As we all know, Super Typhoon Haiyan devastated the Philippines over the weekend. At its peak, Haiyan was perhaps the strongest tropical storm ever recorded at landfall, packing sustained winds of at least 195 mph with gusts of 235 mph. The United Nations and the Philippine Red Cross are both warning that 10,000 people may have been killed in Tacloban alone; this would make Haiyan the deadliest disaster in the history of the Philippines (though President Aquino is revising those numbers down).

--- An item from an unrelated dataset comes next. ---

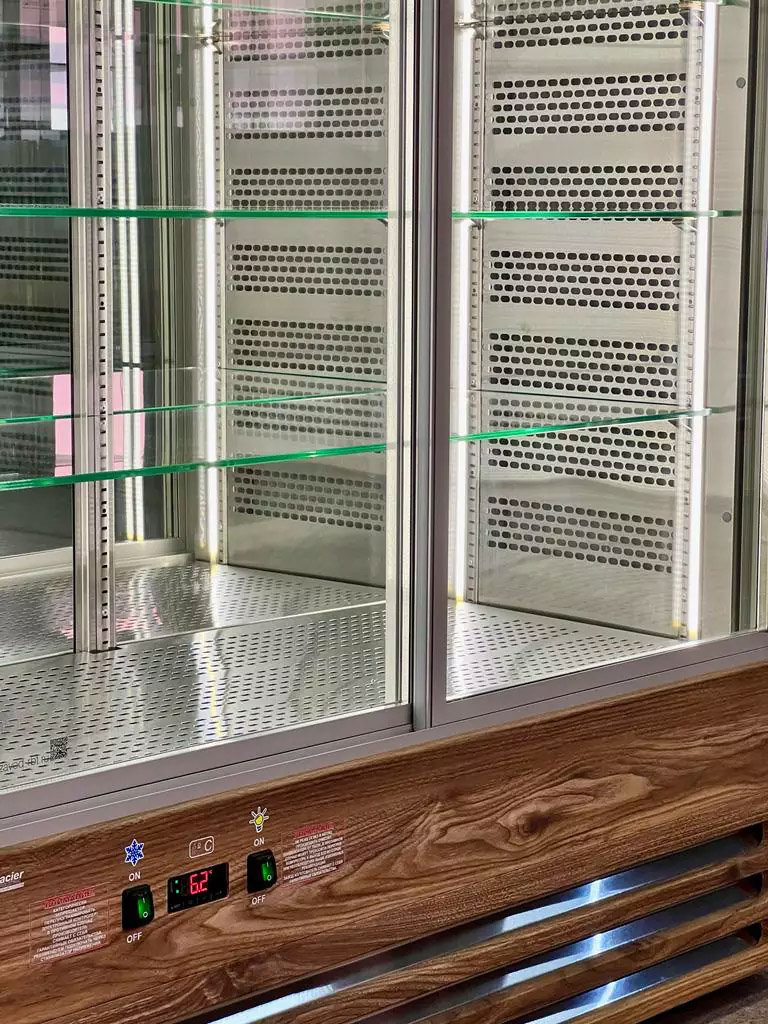 Экспозиция: 4 полки, регулируемые по высоте плюс пятая - нижняя выкладка из нержавеющей стали.

I should note, however, that the true scale of a disaster is measured not in the number of dead, but in the number affected and displaced. According to the UN Office for the Coordination of Humanitarian Affairs, Haiyan affected 11.3 million people and displaced at least 673,000 Filipinos. In contrast, the 2004 Indian Ocean tsunami killed perhaps 250,000 people throughout Southern Asia but affected roughly 5 million.
The scope and scale of the devastation in the Philippines is, for lack of a better term, biblical. If you are in a position to provide support, I encourage you to make a monetary donation to the Philippine Red Cross or one of InterAction’s partner organizations working on the ground. Please donate money only. Survivors and relief organizations know what is needed, and they can source materials much more quickly and cheaply from regional sources.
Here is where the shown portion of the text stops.